Tesla has cut prices on the Model S and X, with price drops of 15-19% in the US on all trim levels (and similar cuts in the rest of the world), except for the brand-new Standard Range model which was introduced just over two weeks ago and is now no longer available.
Good news and bad news from Tesla today – the cheapest Model S and Model X, the $78,490/$88,490 Standard Range version, is gone. We hardly knew ye.
But that model has been replaced with price cuts across all the rest of Tesla’s S and X range, leading today’s base price of the larger-battery versions of both cars to be cheaper than yesterday’s base price of the smaller-battery versions.
And so, today you can get a Model S for a base price of $74,990, $3,500 less than yesterday’s lowest price, or a Model X for $79,990, $8,500 less than yesterday:
Beyond that, today’s “base model” now has the larger battery, with an estimated EPA range of 405 miles for the S and 348 miles for the X. Yesterday’s base model was the software-limited Standard Range, with 320/269 miles of range for S and X respectively. Although, do note that Tesla is prone to overstating its range numbers, and these cars actually haven’t changed hardware-wise, as the SR model had the same battery, just locked behind software.

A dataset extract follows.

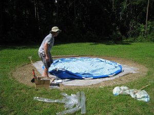 Step 5: Lay the pool on top of the plastic/sand combination and according to the instructions, let it sit in the sun. No worries, because you are doing this in the heat of the day, it will only take about 30 seconds for the pool to get almost too hot to touch.

But wait, there’s more! Due to a quirk in how the US Federal EV Tax Credit works, the Model X can now actually be cheaper than the Model S after incentives – at least in its absolute base trim.
The Inflation Reduction Act set MSRP caps on what vehicles can qualify for the $7,500 tax credit, with a threshold of $55k for cars and $80k for trucks and SUVs. Prior to now, the Model S and X were both above that cap, and the S is still above the car cap, but the X is now below the SUV cap. This means that certain buyers (who do not run afoul of the the IRA’s income caps of 150k single/300k married filing jointly) can actually get an X for less than an S, as long as they buy a bone-stock X with no options attached from the factory.
Tesla says that a reduction in credit availability is likely to happen at the end of this year, because the credit has stricter requirements that go into place at the end of each year. But we won’t know for certain about that until the time comes.
On the other end of the price spectrum, Plaid versions of both vehicles have dropped in price as well, from $108,490 yesterday to $89,990 today.
And in the rest of the world, prices have dropped as well. Across Europe and in China, prices are down on both models in similar amounts as in the US (though not in right-hand drive countries, as the two models aren’t available in RHD).
Every time we think we’ve seen an end to Tesla’s price drops, it throws another one at us.
The company has massively slashed prices of vehicles multiple times this year, and then gained access to the full IRA tax credit on its cheapest Model 3, making the car quite a deal. It also cut the price of FSD by $3k just tonight.
Some of these price cuts have made some recent customers angry at the sudden drops in residual value for their vehicles, but has overall benefitted the consumer, as lower prices are generally a good thing.
It has also started a bit of a price war in electric cars, with some other companies dropping prices, or announcing lower-priced models, likely in response to Tesla finally bringing prices back down after raising them so many times over the course of the previous couple years.
We think there are a couple specific things that influenced today’s price drops.
One, the Inflation Reduction Act’s MSRP cap of $80k likely looked like a juicy target for Tesla, and getting the Model X down to that price means knocking another $7,500 off the final cost of the vehicle for some consumers. So, thanks to Joe Biden for that one.
Two, Tesla just unveiled the “Project Highland” Model 3 Refresh, which has a lot of improvements we didn’t expect – and some of which were previously exclusive to the Model S and X, like a rear touchscreen. This could give customers fewer reasons to consider a Model S over a Model 3, and so lowering the price of the Model S could be one way to ensure that there’s still some increased value proposition there on Tesla’s higher-end sedan.